(The input begins)

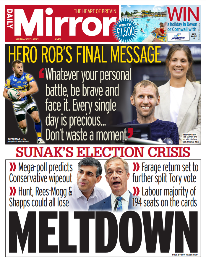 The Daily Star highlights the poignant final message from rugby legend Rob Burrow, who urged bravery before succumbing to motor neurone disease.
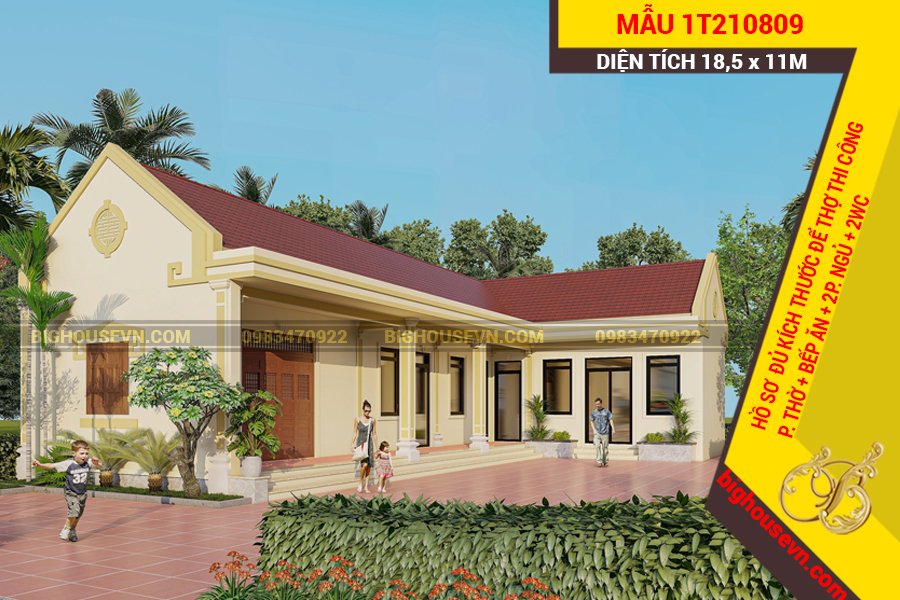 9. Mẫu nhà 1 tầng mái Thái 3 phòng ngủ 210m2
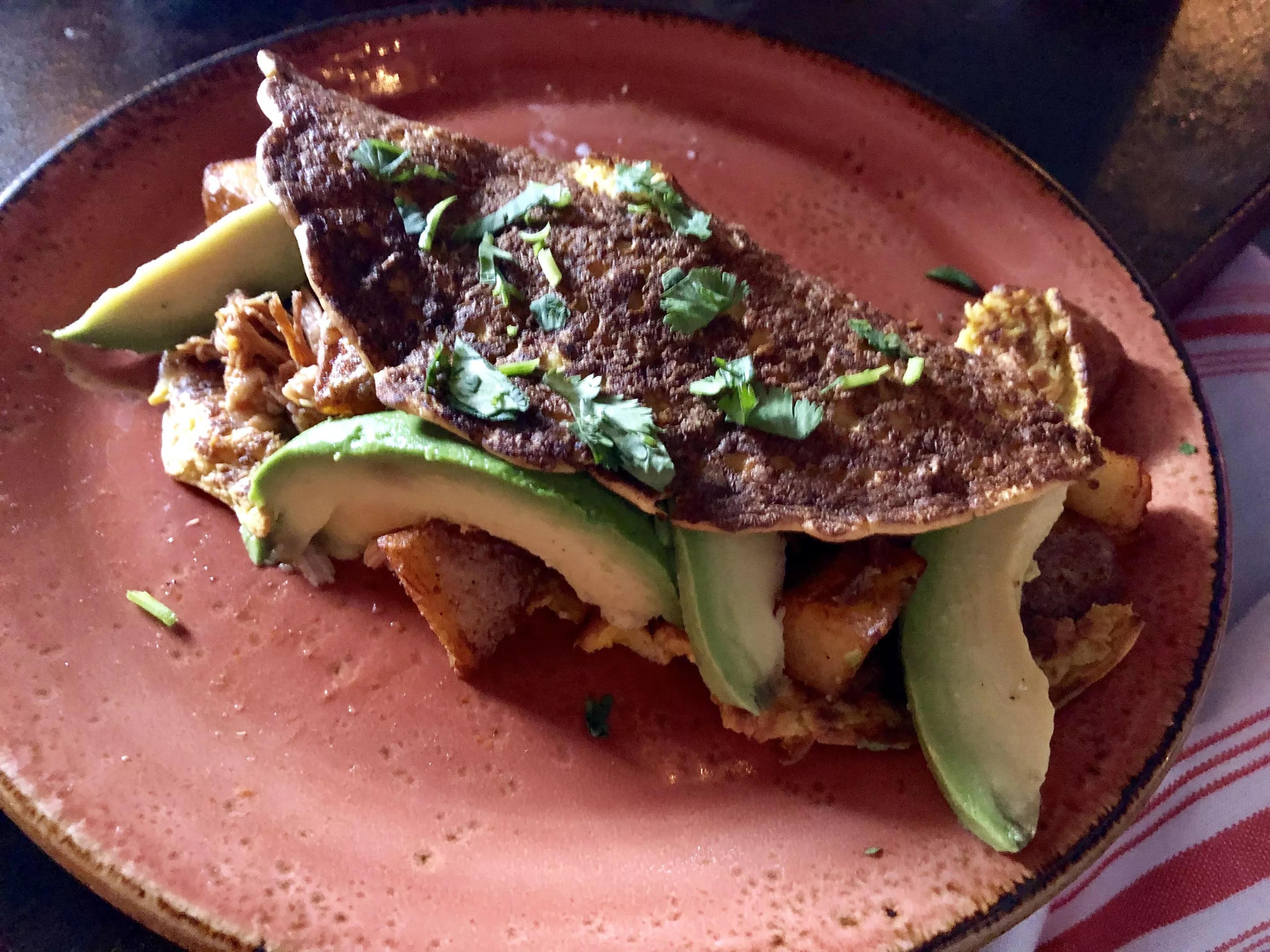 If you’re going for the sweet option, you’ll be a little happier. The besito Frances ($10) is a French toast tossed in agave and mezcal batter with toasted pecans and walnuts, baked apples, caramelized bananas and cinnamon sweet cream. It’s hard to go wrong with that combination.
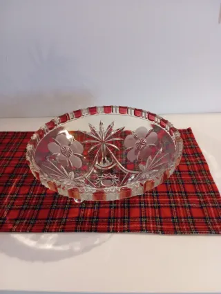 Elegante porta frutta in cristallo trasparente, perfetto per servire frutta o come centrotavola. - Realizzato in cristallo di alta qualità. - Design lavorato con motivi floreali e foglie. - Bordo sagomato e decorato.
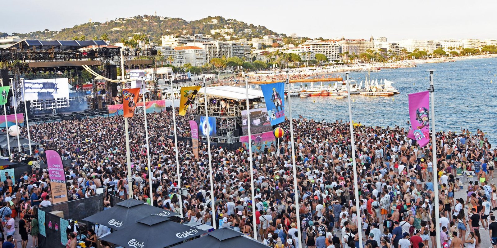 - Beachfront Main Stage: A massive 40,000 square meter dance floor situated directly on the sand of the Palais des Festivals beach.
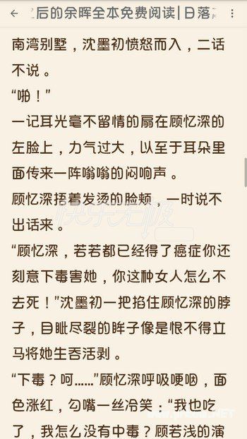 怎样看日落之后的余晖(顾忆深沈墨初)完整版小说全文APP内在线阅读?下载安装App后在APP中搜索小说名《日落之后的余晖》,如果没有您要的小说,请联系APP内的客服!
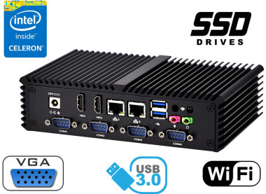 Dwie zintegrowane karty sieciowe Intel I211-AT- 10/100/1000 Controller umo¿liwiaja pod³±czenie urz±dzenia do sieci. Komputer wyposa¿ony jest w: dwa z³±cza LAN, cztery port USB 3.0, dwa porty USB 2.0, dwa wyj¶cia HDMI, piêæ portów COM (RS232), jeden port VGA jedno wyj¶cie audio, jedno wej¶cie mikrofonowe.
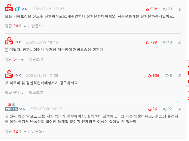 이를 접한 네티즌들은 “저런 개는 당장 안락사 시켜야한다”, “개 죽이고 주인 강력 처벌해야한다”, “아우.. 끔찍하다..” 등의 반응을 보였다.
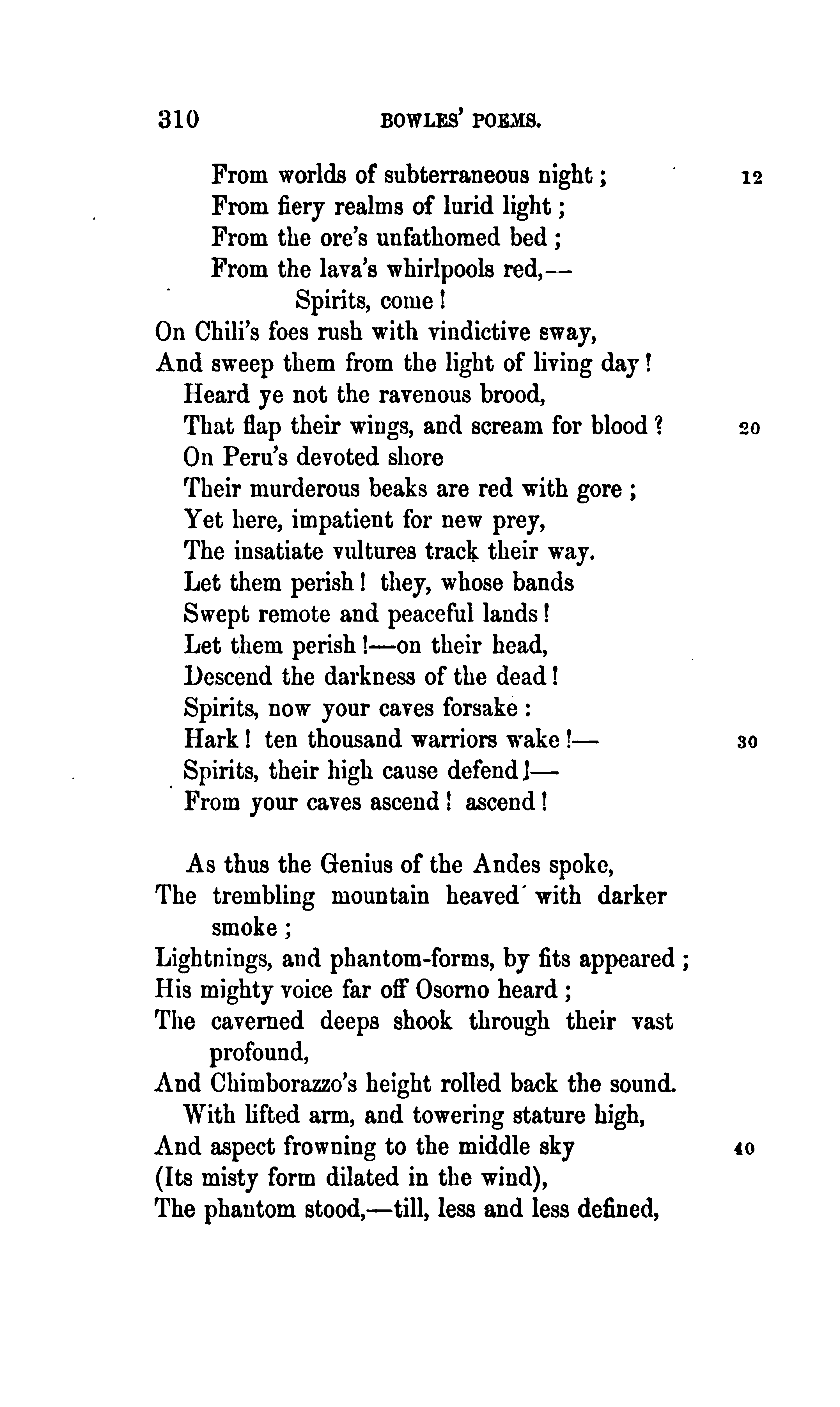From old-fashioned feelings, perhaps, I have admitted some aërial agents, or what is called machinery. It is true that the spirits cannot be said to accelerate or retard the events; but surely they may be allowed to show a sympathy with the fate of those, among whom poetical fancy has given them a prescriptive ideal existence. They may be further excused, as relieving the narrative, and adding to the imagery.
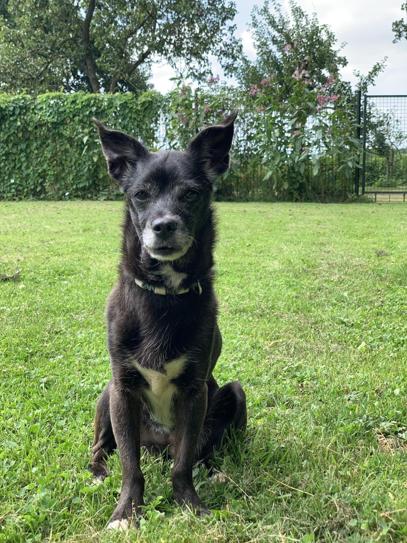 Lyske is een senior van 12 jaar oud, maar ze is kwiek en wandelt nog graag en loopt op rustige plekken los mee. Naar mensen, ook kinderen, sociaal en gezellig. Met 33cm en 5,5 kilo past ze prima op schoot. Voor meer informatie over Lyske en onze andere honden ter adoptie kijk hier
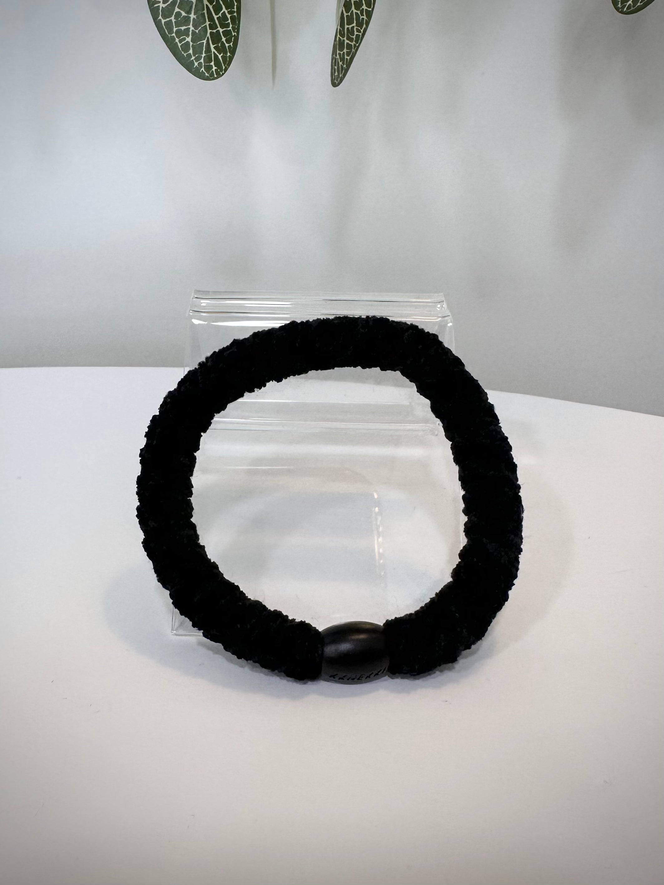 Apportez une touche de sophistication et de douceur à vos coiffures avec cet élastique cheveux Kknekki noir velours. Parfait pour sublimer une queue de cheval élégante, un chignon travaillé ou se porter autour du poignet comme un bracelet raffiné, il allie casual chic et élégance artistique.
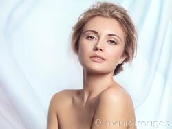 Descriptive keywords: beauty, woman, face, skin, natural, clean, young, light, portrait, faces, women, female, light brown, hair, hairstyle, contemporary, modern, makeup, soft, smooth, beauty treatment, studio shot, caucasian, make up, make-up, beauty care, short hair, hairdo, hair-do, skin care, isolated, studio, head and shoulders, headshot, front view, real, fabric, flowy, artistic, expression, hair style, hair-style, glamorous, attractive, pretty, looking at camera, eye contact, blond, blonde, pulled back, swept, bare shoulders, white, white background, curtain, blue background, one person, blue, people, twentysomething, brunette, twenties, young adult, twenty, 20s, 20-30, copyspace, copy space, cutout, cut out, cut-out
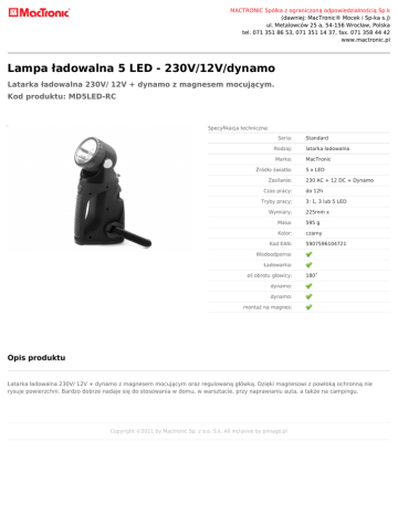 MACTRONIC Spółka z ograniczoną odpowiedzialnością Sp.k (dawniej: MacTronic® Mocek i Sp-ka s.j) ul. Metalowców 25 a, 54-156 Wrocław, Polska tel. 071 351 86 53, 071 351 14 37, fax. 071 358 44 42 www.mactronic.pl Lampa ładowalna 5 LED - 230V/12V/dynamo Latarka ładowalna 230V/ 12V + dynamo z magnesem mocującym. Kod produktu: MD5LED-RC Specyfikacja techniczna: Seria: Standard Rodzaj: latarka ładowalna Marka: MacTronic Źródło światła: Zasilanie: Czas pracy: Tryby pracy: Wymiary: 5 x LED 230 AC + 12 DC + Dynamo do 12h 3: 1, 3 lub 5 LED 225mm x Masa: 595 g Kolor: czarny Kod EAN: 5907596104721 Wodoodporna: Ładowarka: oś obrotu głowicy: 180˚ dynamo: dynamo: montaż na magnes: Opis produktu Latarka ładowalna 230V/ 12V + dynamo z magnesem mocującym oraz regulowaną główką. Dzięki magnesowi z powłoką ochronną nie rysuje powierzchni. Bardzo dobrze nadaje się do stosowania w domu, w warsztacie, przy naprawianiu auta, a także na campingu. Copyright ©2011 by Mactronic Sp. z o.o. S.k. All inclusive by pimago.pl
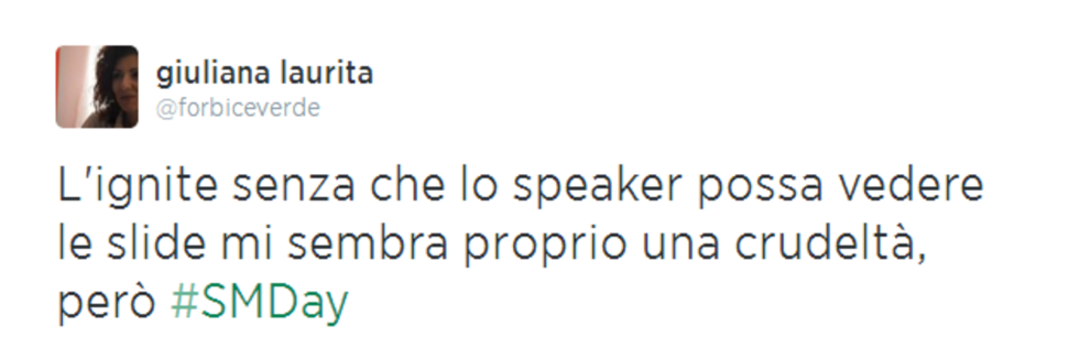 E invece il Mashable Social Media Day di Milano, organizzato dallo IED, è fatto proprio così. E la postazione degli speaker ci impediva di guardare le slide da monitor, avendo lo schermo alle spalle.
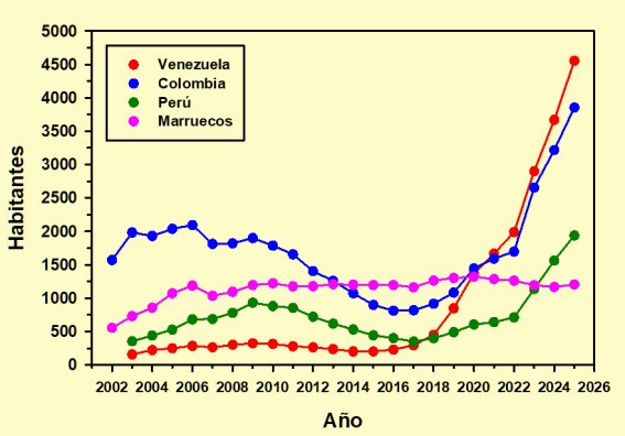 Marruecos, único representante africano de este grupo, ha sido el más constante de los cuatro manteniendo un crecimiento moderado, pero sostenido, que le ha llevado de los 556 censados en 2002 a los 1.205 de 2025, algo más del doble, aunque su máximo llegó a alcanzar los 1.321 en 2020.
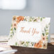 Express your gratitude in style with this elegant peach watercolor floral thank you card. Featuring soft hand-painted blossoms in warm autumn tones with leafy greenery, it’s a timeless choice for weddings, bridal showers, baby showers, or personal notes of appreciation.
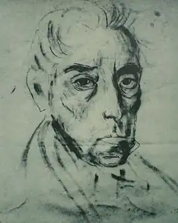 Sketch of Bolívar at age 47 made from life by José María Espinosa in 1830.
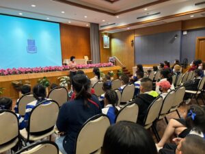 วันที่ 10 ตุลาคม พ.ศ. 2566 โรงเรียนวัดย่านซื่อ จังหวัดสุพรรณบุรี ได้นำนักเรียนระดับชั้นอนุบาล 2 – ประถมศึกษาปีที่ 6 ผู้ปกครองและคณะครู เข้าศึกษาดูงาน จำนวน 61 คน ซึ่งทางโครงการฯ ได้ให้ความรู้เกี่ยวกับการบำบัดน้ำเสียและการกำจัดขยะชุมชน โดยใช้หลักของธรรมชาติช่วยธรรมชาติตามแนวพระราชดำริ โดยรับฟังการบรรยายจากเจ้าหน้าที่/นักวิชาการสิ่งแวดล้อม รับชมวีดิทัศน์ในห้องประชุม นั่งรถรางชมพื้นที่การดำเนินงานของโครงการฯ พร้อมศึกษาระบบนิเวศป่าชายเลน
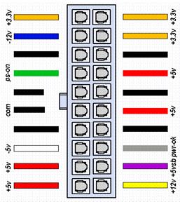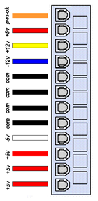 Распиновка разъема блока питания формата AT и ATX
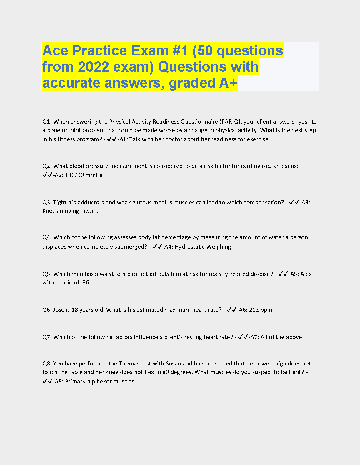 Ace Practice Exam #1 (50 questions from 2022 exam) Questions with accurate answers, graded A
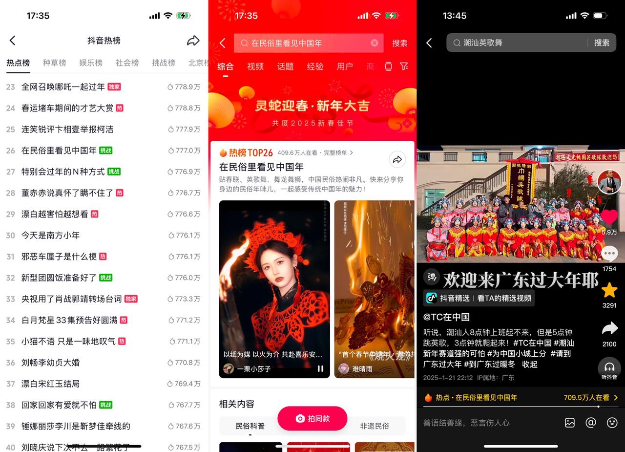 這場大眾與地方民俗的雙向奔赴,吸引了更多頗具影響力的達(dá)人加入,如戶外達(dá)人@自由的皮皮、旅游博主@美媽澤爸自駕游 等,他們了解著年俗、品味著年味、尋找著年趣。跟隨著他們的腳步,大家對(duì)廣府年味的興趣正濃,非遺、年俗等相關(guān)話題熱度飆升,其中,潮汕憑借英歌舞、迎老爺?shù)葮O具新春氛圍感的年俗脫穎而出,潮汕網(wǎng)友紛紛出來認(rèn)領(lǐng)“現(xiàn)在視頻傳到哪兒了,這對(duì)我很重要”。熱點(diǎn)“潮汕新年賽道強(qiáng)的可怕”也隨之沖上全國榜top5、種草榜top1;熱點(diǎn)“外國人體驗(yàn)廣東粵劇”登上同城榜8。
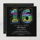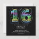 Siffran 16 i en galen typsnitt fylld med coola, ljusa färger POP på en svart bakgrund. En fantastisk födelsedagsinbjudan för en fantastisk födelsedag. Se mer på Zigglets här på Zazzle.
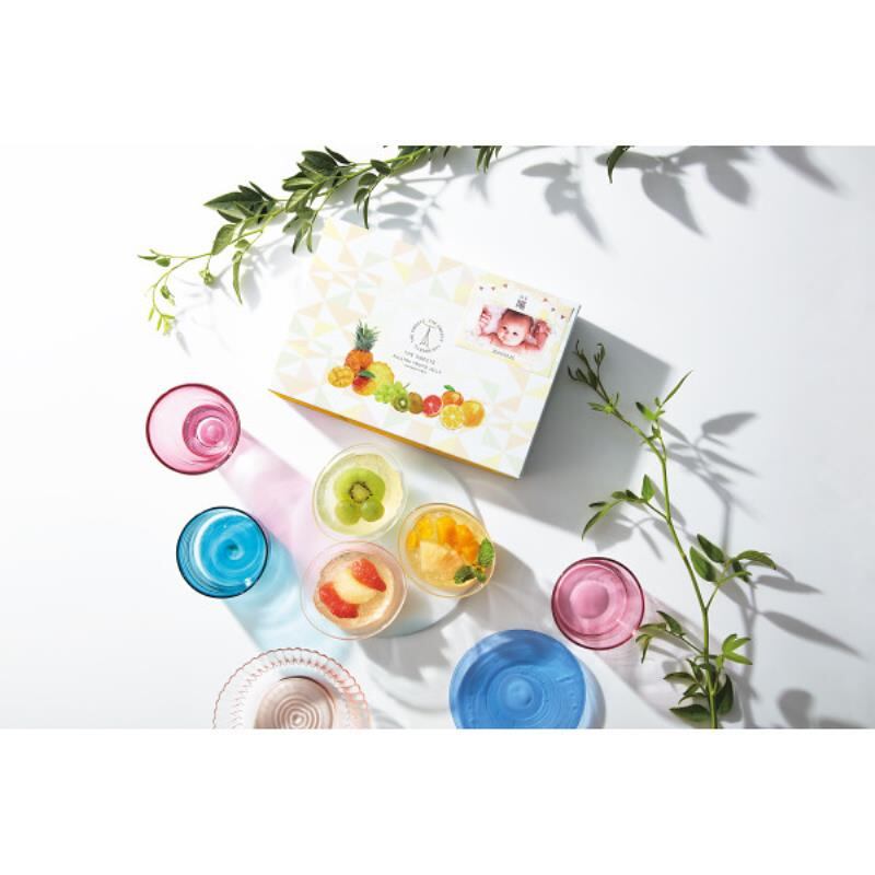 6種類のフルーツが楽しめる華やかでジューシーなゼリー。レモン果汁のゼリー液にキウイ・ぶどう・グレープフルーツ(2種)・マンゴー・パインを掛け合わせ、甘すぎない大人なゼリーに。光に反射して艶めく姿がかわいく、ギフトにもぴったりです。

(The input ends)

What the exercise asks -
Copy back exactly the lines above from the one containing "Распиновка разъема блока" through the one containing "Ace Practice Exam", and leave every picture behind.

Your solution -
 Распиновка разъема блока питания формата AT и ATX
 Ace Practice Exam #1 (50 questions from 2022 exam) Questions with accurate answers, graded A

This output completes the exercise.